Plot true vs. predicted values for one or more data sets.

This function draws a scatter plot of multiple (y_true, y_pred) pairs and overlays the identity line \(y = x\) as a reference. It computes summary regression metrics for each pair and displays them as text in the top-left of the plot. Typical usage is to compare model performance on different splits such as train, validation, and test.

Parameters:
  • *y_data (ArrayLike) – A sequence of arrays interpreted as consecutive pairs (y_true_0, y_pred_0, y_true_1, y_pred_1, ...). The length of y_data must be even, and each pair must be broadcastable to the same shape.

  • labels (Sequence of str or None, optional) – Labels for each (y_true, y_pred) pair, used in the legend and metric annotations. If None (default), labels are automatically set to ("train", "test") for two data sets, to ("train", "val", "test") for three data sets, or to all-None for other numbers of data sets.

  • metrics (Sequence of {"r2", "rmse", "mae", "mse"}, optional) – Metrics to compute for each data set. Each metric is shown in the annotation box together with the corresponding label (if provided). Defaults to ("r2", "rmse").

  • ax (matplotlib.axes.Axes, optional) – Existing Axes on which to draw the plot. If None, a new figure and axes are created.

  • alpha (float, optional) – Relative margin added to the data range when determining plot limits.

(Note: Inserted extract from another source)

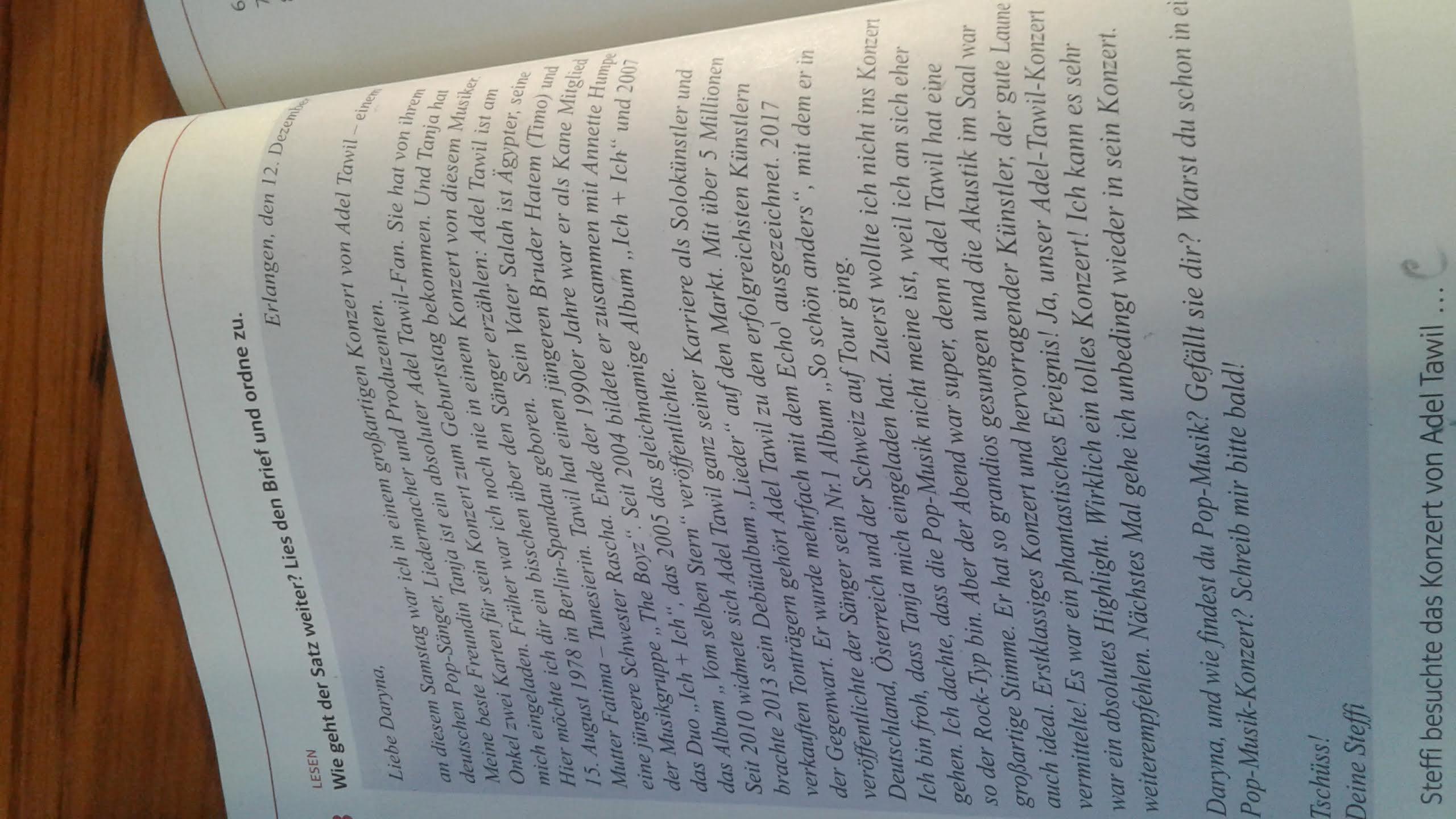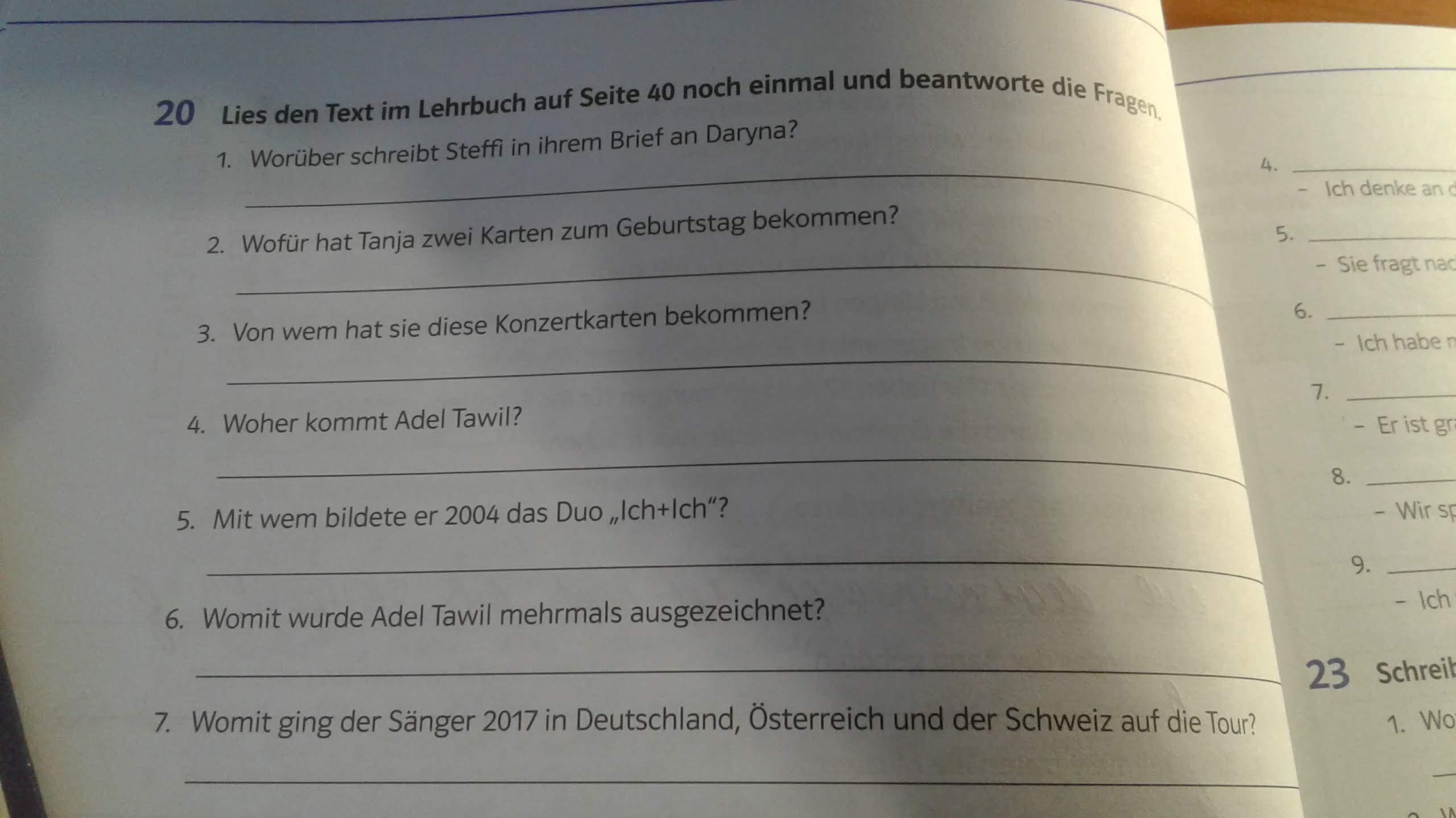 1. In ihrem Brief an Daryna schreibt Steffi über den deutschen Pop-Sänger, Liedermacher und Produzenten – Adel Tawil, den (которого) sie im Konzert gesehen hat. (видела)

The default is 0.05 (5% margin on each side).

Returns:

The axes object with the scatter plot and annotations.

Return type:

matplotlib.axes.Axes

Raises:

ValueError – If no data is provided, or if the number of positional arguments is odd (i.e., there is an unmatched y_true or y_pred), or if the length of labels does not match the number of data sets, or if an unknown metric name is given in metrics.

Examples

Plot a single data set:

>>> import numpy as np
>>> from yikit.visualize import yyplot
>>> y_true = np.array([1.0, 2.0, 3.0])
>>> y_pred = np.array([0.8, 2.1, 2.9])
>>> ax = yyplot(y_true, y_pred)

Plot train and test data sets:

>>> y_train, y_pred_train = np.arange(5), np.arange(5) + 0.1
>>> y_test, y_pred_test = np.arange(5), np.arange(5) - 0.2
>>> ax = yyplot(y_train, y_pred_train, y_test, y_pred_test,
...             labels=("train", "test"))